If Wealth [exists in the world] then Poverty [will exist in the world].

With it clearly being different people in those different states.

Get over yourself. This is a public message board in which posters post to discuss topics not only with the OP, but for the benefit of lurkers and anyone else who feels like piping in on the topic. The suggestion that commenting on your post is somehow a violation of board etiquite is ridiculous. Threads are nothing like actual conversations. Anyone who feels that they have something to add may say it whenever they want.

I have no reservation or regrets about addressing you before you addressed me. There is no physical presence in the SDMB, and therefore no way to “invite” people into a thread like in real conversation. Again, get over youself. I “smarted off” to you because you presented a simplistic view of the world that I would disagree with. Your subsequent support for this view made me wonder if you were serious at all. You didn’t provide any hint of humor in your first post, but then said that you’ll have to look into what a “Butterfly Effect” is (I haven’t the foggiest notion either, but since you used the term…) and that you would hve to look into wether or not the wealth of one creates poverty for another.

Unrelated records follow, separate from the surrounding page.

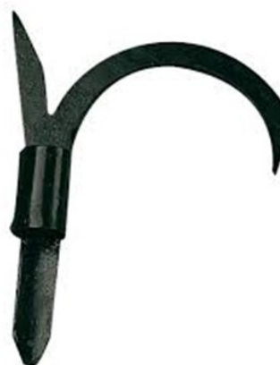
Floßhaken ohne Stange

Für lange Reisen, in unserer Gegend vor allem auf den Flüssen Main und Donau, richteten sich die Flößer gelegentlich auch einfache Unterkünfte aus Holz in Zelt- oder Hausform auf.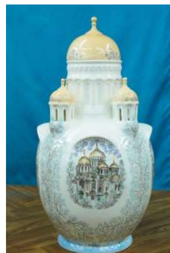
Золотых Л.Л. Семикаракорский район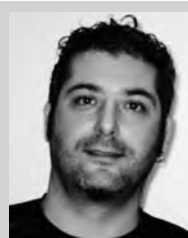
Sportlichen Grüsse Präsidium FC Seon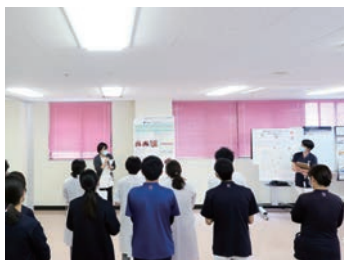
院内学会 ポスターセッション

心理的安全性とは「チームメンバーが互いに気兼ねなく意見を伝え合い、協力し合い、自分らしくいられる状態」のことです。チームメンバーそれぞれが、素直に発言・提案でき、意見がぶつかることに恐怖がない、間違いを発見したら指摘し、話し合える職場をめざしています。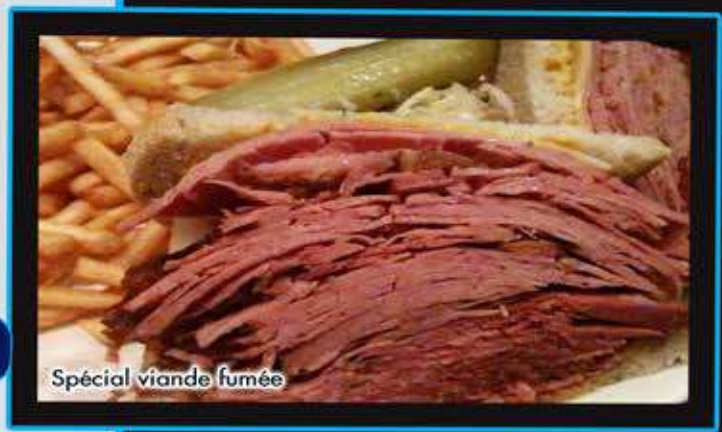
Spécial viande fumée

Club Sandwich (bacon, tomate, salade et mayo) 17 95 Club Sandwich pour 2 (bacon, tomate, salade et mayo) 20 95 Club Sandwich Viande Fumée 21 95 (Fromage Suisse, bacon, tomate, salade et mayo) Club du Vendredi (fromage, oeuf, tomate, salade et mayo) 17 95 Club Le Cartier 20 95 (poulet grillé, bacon, fromage Suisse, tomate, salade et mayo) Assiette de tendre de poulet avec riz (4) 18 95 Les assiettes ci-dessus sont servies avec salade de choux, frites et sauce B.BQ. Sandwich au poulet chaud 18 95 Servies avec pois, frites et sauce B.BQ.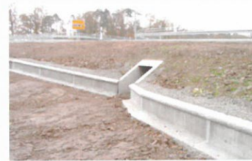
Beton / Concrete Standard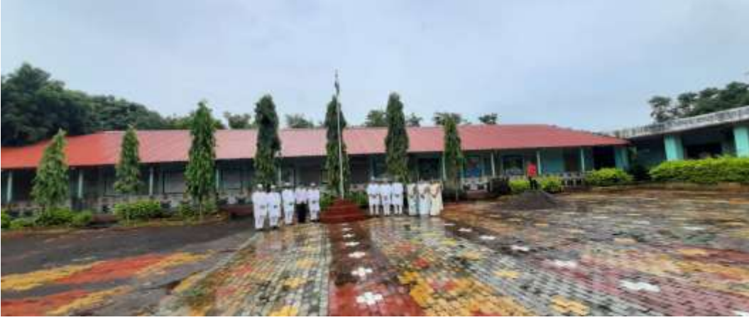
जिल्हा परिषद प्राथमिक शाळा, खलाणे शाळेची इमारत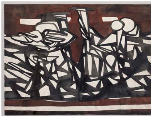
Hans Uhlmann, Gruppe, 1951 © VG Bild-Kunst, Bonn 2024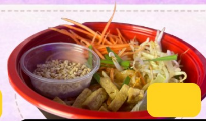
Pad Thai Veggie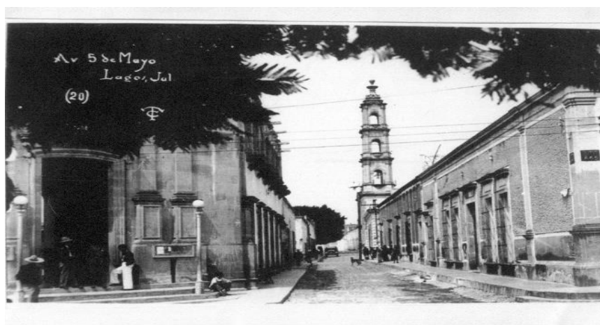
Arreglo de adoquinado en callejón Francisco González León.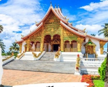
พระราชวังหลวง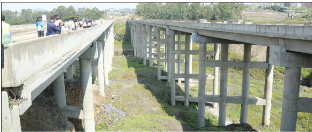
ቃሲቲ ዊሲንጦ ድልድይ

Getting back to the OP, just consider that you haven’t created the situations that cause the suffering of others. Unlike what others have suggested, again, this isn’t a zero-sum game, and your wealth does not lead to their poverty, nor does your happiness lead to their sadness. Unlike what some have suggested (not in this thread, but elsewhere), I do not believe that those who are idle in times of crisis are worse than the evil doers. The people that actually harm others are. Using a commonly cited example, the hottest places in hell are still reserved for Hitler et. al, not the fence-sitters.

So, I guess the question becomes, do we still have some duty to the sufferers in the world to improve their lot? I would answer yes. Personally, that is where private charity and some limited government power comes in. And finally, I realize that the world seems impossible to solve. Too many deaths, too much suffering, too much violence. You are correct, no one person can end all of it. But they can help. Any action that provides comfort or help to another is something that has a definite impact on somone else. It may not make the news. It may not change the horrors that we percieve in the world. However, it will make a difference.

So, my personal take: Don’t sweat the big stuff. You didn’t create disease, famine, or poverty. One should still seek a path in life that allows you to help others. The easiest is working a job and simply giving a portion of your money away. Harder is to volunteer locally. Harder still is to organize some sort of effort to help those far away from you. Do whatever you want, knowing that helping others might relieve some of your own anxiety about it.

I should say that now that I look into this NYTimes article, I should have been more skeptical. Not that the sex slave trade doesn’t exist and isn’t horrid, but some of the more extreme claims, such as the estimated numbers and the Disneyland handoffs, seem distinctly undersourced, and probably should not be taken at face value.

Funny you should both be unfamiliar with this phrase, as there is a movie just recently released with that title. It refers to the interconnectedness of seemingly meaningless or random events. A butterfly could flap it’s wings in Africa and that might set off a chain of events that leades to, say, a particular man being elected president in the US. Go back in time and change even the smallest detail, and all history might be different.